Gestern im ZDF: Eine neue Folge der von mir hoch verehrten britischen Serie „Für alle Fälle Fitz“ (brit. Originaltitel: „Cracker“). Absolut gelungen, trotz des Themas, das zur Zeit eh aus allen Sound- und Printöffnungen quillt.Fitz ist ein unförmiger, kettenrauchender, saufender und penetranter Polizeipsychologe aus Manchester, der seine Familie zur Verzweiflung bringt und als brillanter Analytiker, dem nichts allzu Menschliches fremd ist, den Täter entlarvt. In den früheren Folgen (Hintergrund zur Serie siehe Krimiblog) hat Fitz mich oft genervt, aber ich musste sie einfach gucken, weil die Serie wie so viele aus Großbritannien einfach klasse gemacht ist. Kein Vergleich zum Durchschnitts-Tatort.

Der neue Fitz

Fitz erscheint in dieser Folge verblüffend „mellow“, Ecken und Kanten abgeschliffen und dadurch durchaus sympathischer als früher, auch wenn er für die Mithilfe am Fall seine Familie allein zurück nach Australien reisen lässt und seine Tochter bei deren Hochzeit bloßstellt. Im Gegensatz zu Nobbi finde ich die Abwesenheit von Fitzs bohrenden und für die Befragten quälenden Analysen ganz erholsam, und über Glaubwürdigkeitsmängel bezüglich mancher Realia sehe ich meist eh großzügig hinweg.

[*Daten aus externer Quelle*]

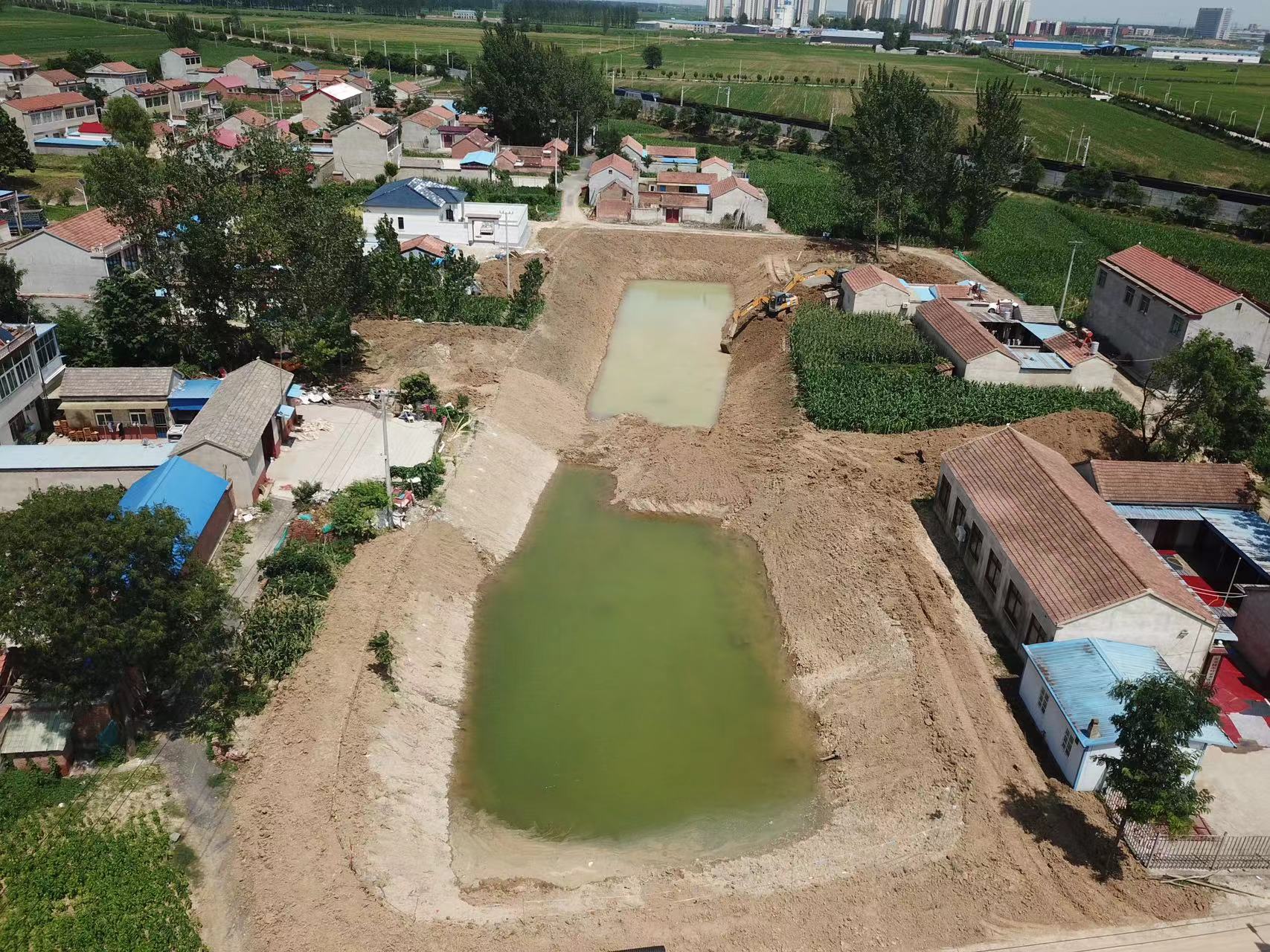 環(huán)境科技集團(tuán)為改善這一現(xiàn)狀,提升村民幸福感,自主設(shè)計(jì)生態(tài)修復(fù)、內(nèi)源治理等治理方案。通過清淤、清雜、清垃圾、邊坡修整,塘中放置人工浮島(種植水芹),邊坡采用植物護(hù)坡等措施,致力于把黑臭坑塘建成水清、岸綠、景美村民休閑娛樂的好地方,成為全縣名副其實(shí)的黑臭水體治理示范點(diǎn)。該項(xiàng)目于7月8日進(jìn)場施工,受近期當(dāng)?shù)貜?qiáng)降雨影響,截止到7月23日,形象進(jìn)度約完成60%,水體內(nèi)源治理、邊坡修整及排水渠建設(shè)完成70%。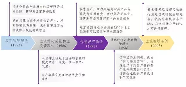 1991年頒布的《包裝廢棄物法》將包裝廢棄物的收集和處理責(zé)任從過去的各個(gè)行政州政府分?jǐn)偨o了各生產(chǎn)廠家、分銷商等企業(yè)機(jī)構(gòu),要求生產(chǎn)廠家和分銷商回收其產(chǎn)品包裝,并進(jìn)行再利用,該法催生了德國(guó)著名的“二元回收系統(tǒng)”(即“綠點(diǎn)公司”),與公共環(huán)衛(wèi)回收系統(tǒng)平行運(yùn)作。

„War against terrorism“ versus „The troubles“

Spannend finde ich an dieser Folge vor allem die Story: Ein Polizist, früher Soldat in Nordirland, bringt willkürlich und grausam ein paar Amerikaner in Manchester um. Warum tut er das? Er wird die brutalen Bilder aus seiner Dienstzeit in Ulster nicht los, insbesondere ein Erlebnis, bei dem zwei seiner Kameraden in einen Hinterhalt geraten und getötet werden. Was können die Amerikaner dafür? Durch „Nine Eleven“ und alles, was dadurch ausgelöst wurde, wird der Nordirland-Konflikt, den Terry als Krieg erlebt hat, zu bloßen „Unruhen“ degradiert. Es interessiert sich schlicht niemand mehr dafür. Dazu kommt der Hass auf die USA, weil nordirische Terroristen teilweise mit exilirisch-amerikanischen Dollars finanziert werden, und weitere Details, die bei uns kaum jemand kennt. Wie sich der Täter mit seinen Erinnerungen und Aggressionen herumquält, wie er nur die Alternative zwischen Selbstmord und Amoklauf sieht, wie er nicht vor eiskaltem Mord, aber vor dem Selbstmord zurückschreckt – „Du weißt ganz genau, wann die Kugel einschlägt. Das ist echt hart“ –, das erlebt man hautnah mit. Stundenlange nächtliche Telefonate mit den Samaritern können ihm nicht helfen. Seine Frau, obwohl verständnisvoll, begreift nicht wirklich, wie schlimm es um ihn steht. Der Täter wird einem zwar nicht sympathisch, aber, wie Fitz am Ende sagt: verständlich.
Ein erschütterndes Dokument dessen, was der Krieg aus dem Menschen macht. Was der Mensch mit dem Krieg aus anderen Menschen macht.

Schade, dass an den nächsten Sonntagen keine weiteren neuen Folgen gesendet, sondern nur alte wiederholt werden. Sie waren sehr gut, aber ich habe sie teilweise schon mehrfach gesehen. Wer Englisch kann, mag sich solange mit dem Unofficial Guide to Cracker trösten. (Ha! Ich sehe dort gerade einen Ausspruch von Robbie Coltrane: „Fitz hasn’t mellowed at all. He’s still mad, bad and dangerous to know.“ Hmpf. Ich finde nicht.)